KeplerGl(data={'NYC Trips': {'index': [0, 25, 228, 444, 454, 506, 713, 714, 715, 716, 742, 885, 916, 918, 1068…

#### I adjusted the colors of the map to mostly reflect those of the flag of New York City, which is blue, white, and orange. I would think New Yorkers would appreciate this color scheme. I used a light enough blue for the start points so that it can be distinguished from the background. The end points of the bike routes are the least featured color on the map. For those I used green, as it's a color easily distinguishable from the others used, and yet doesn't call too much attention away from things.

#### To get to that point, I changed the "Fill Color" in the respective "start" and "end" drop-down menus. These were originally set up as 5-stepped colors. But in order to focus on the more popular routes in the city, I reduced the stepped colors down to 1. 

#### To change the arc colors I changed the "Color" in the "start -> end arc" drop-down menu.

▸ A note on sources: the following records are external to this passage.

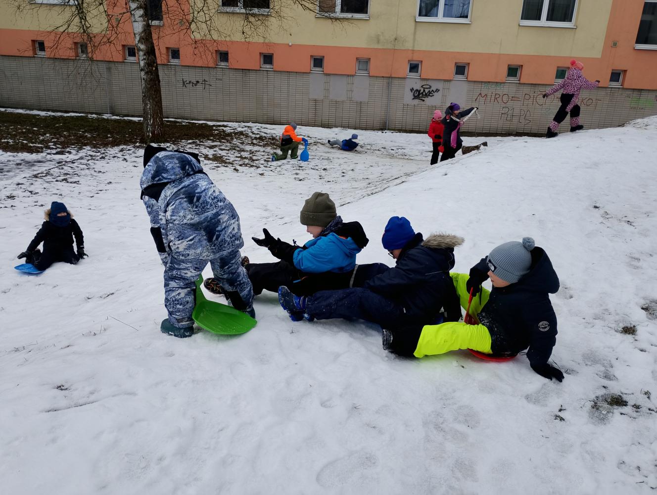 Využili sme posledné biele vločky tejto zimy naplno – šantenie, smiech a nekonečná energia zaplnili celé ihrisko. Spolupráca medzi triedami bola nádherná, starší pomáhali mladším, mladší rozdávali úsmevy na všetky strany.
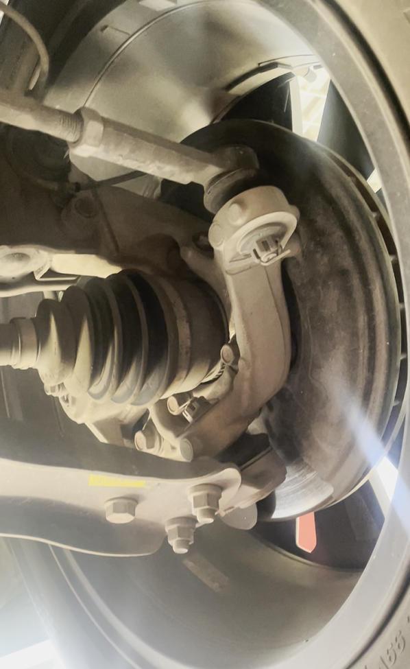 底盘缓缓地升起来,直奔右边来,一眼就看到了下支臂上面的副厂标签,这是托底更换了吗?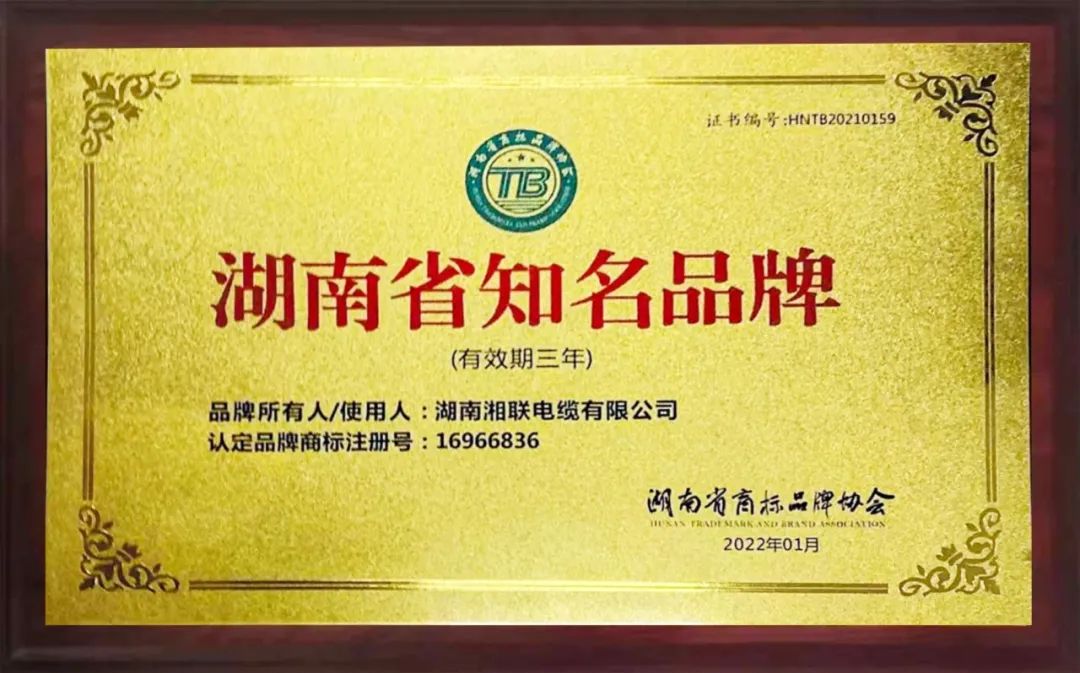 多年来,湘联电缆以科学的经营管理理念,组建实力雄厚的技术研发和企业管理团队,建立高标准质量管理体系,公司先后获得全国工业生产许可证、“三位一体”管理体系认证,产品通过 CCC认证,并获得企业标准“领跑者”等称号,成为湖南省知名品牌,深受客户信赖。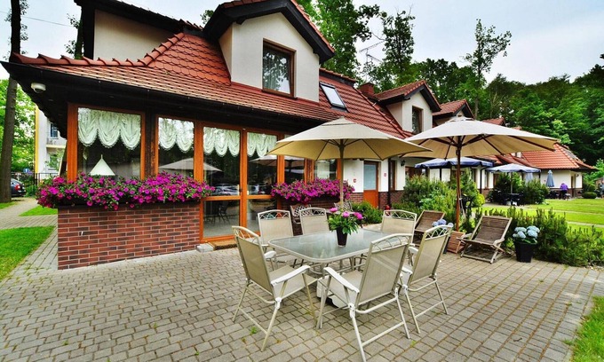 Recreation complex in Rewal, very close to the sea and the center of the resort. Only 150 m to the beach. Elegant and cozy apartments await you on the fenced property. There is a reception and parking on site. The 2-room apartment is designed to accommodate 3 people. It consists of a 3-person bedroom and a living room with a kitchenette. Bathroom with shower. The living room has a fold-out sofa (can accommodate an additional person for an additional fee), a table and a TV. The kitchenette is fully equipped. Wireless internet is available. The apartment is located on the ground floor and has direct access to the terrace with garden furniture. Central heating. There is access to a washing machine on site (for an additional fee). There is a playground with a trampoline for the youngest guests. Recreation enthusiasts will enjoy table tennis, table football and fitness equipment. The price of the stay includes: bed linen, electricity and water consumption, internet, parking, final cleaning. Rewal is a holiday resort in the West Pomeranian Voivodeship. It is located on the shores of the Baltic Sea and is the center of the picturesque Rewal Coast. It offers a clean beach and a guarded swimming area. Being near the beach, you must see the symbol of the town. These are the huge Rewal Whales standing on the promenade right next to the coast and on the viewing platform. Children will be delighted with a visit to the Whale Park, with real sea giants, and to the Fairy Tale Cottage, where they will meet face to face with fairy-tale characters. In bad weather, an ideal option will be a trip to one of several public indoor swimming pools. The Gibon Rope Park will also be fantastic entertainment for the whole family or a group of friends, offering a lot of obstacles to overcome suspended high in the treetops. Of course, with appropriate protection. The pride of the town is the renovated narrow-gauge railway, which allows you to go on a charming trip to neighboring resorts.

#### It's interesting that within the most common trips made, there are very few end-station points, and many start-station points. The most popular end points are near popular areas in, and actually outside the city. 

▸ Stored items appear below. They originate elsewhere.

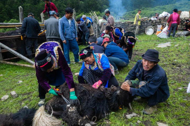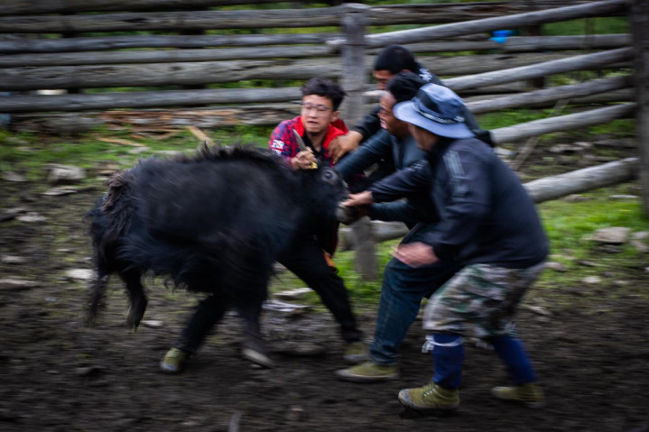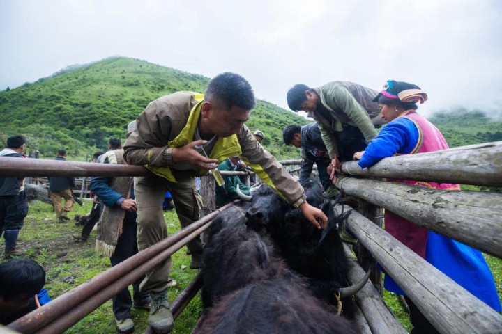 拽牛角、撇毒头、拖牛尾,在男东说念主们的吆喝声中,牛栏内部的牦牛被一头头按到地上;妇女们拿出剪刀,初始为牦牛剪去壮健的牛毛;男东说念主们接着为牦牛打驱虫针、严防针,在牛角上烙上新符号、在耳朵上拴绳索……三下五除二,微辞的牦牛眨眼间变得精神起来。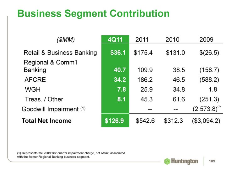 | Business Segment Contribution ($MM) 4Q11 2011 2010 2009 Retail & Business Banking $36.1 $175.4 $131.0 $(26.5) Regional & Comm'l Banking 40.7 109.9 38.5 (158.7) AFCRE 34.2 186.2 46.5 (588.2) WGH 7.8 25.9 34.8 1.8 Treas. / Other 8.1 45.3 61.6 (251.3) Goodwill Impairment (1) -- -- (2,573.8)(1) Total Net Income $126.9 $542.6 $312.3 ($3,094.2) (1) Represents the 2009 first quarter impairment charge, net of tax, associated with the former Regional Banking business segment. 109 |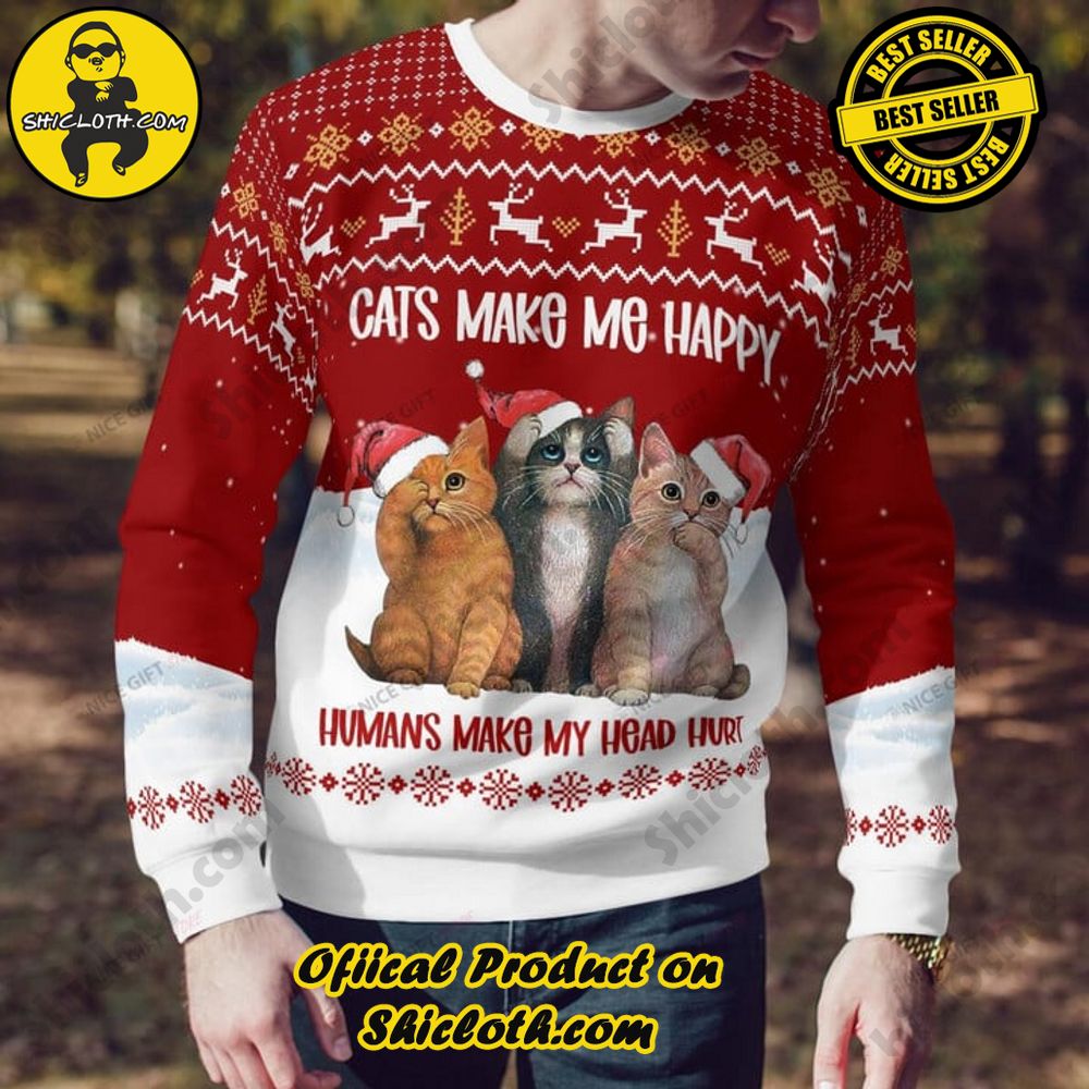 Cats Make Me Happy Humans Make My Head Hurt Christmas Ugly Sweater

#### 11th and West 27th street is what looks like the most popular destination. This is near The High Line, which is an elevated park. Built on former railway tracks, it offers unique views of the city. Also nearby are: Chelsea Market, a popular food hall; Hudson Yards, large-scale development featuring the Vessel, a unique interactive art structure; The Museum of Modern Art (MoMA); Rockefeller Center. This makes sense, as it would be a popular for locals and tourists. 

#### Newport parkway, is actually in New Jersey, and offers views of the New York City skyline. Notable attractions nearby include Pier A Park, the Hoboken Waterfront, and Newport Centre Mall. The area is also known for its scenic walking areas and boat tours along the Hudson River. 

#### 4th and Jackson street is near Jackson Avenue Station, which is served by the 2 train at all hours. 

In [43]:
kepler_config = m.config

In [44]:
kepler_config

{'version': 'v1',
 'config': {'visState': {'filters': [{'dataId': ['NYC Trips'],
     'id': '6wnrs2906',
     'name': ['trips'],
     'type': 'range',
     'value': [1430, 12041],
     'plotType': 'histogram',
     'animationWindow': 'free',
     'yAxis': None,
     'view': 'side',
     'speed': 1,
     'enabled': True}],
   'layers': [{'id': 'jd3v456',
     'type': 'point',
     'config': {'dataId': 'NYC Trips',
      'label': 'start',
      'color': [41, 76, 181],
      'highlightColor': [252, 242, 26, 255],
      'columns': {'lat': 'start_lat', 'lng': 'start_lon'},
      'isVisible': True,
      'visConfig': {'radius': 10,
       'fixedRadius': False,
       'opacity': 0.8,
       'outline': False,
       'thickness': 2,
       'strokeColor': None,
       'colorRange': {'name': 'Global Warming',
        'type': 'sequential',
        'category': 'Uber',
        'colors': ['#5A1846',
         '#900C3F',
         '#C70039',
         '#E3611C',
         '#F1920E',
         '#FFC300']},


In [45]:
import json
with open("config.json", "w") as outfile:
    json.dump(kepler_config, outfile)

In [46]:
m.save_to_html(file_name = 'Citibike Trips Aggregated.html', read_only = False, config = kepler_config)

Map saved to Citibike Trips Aggregated.html!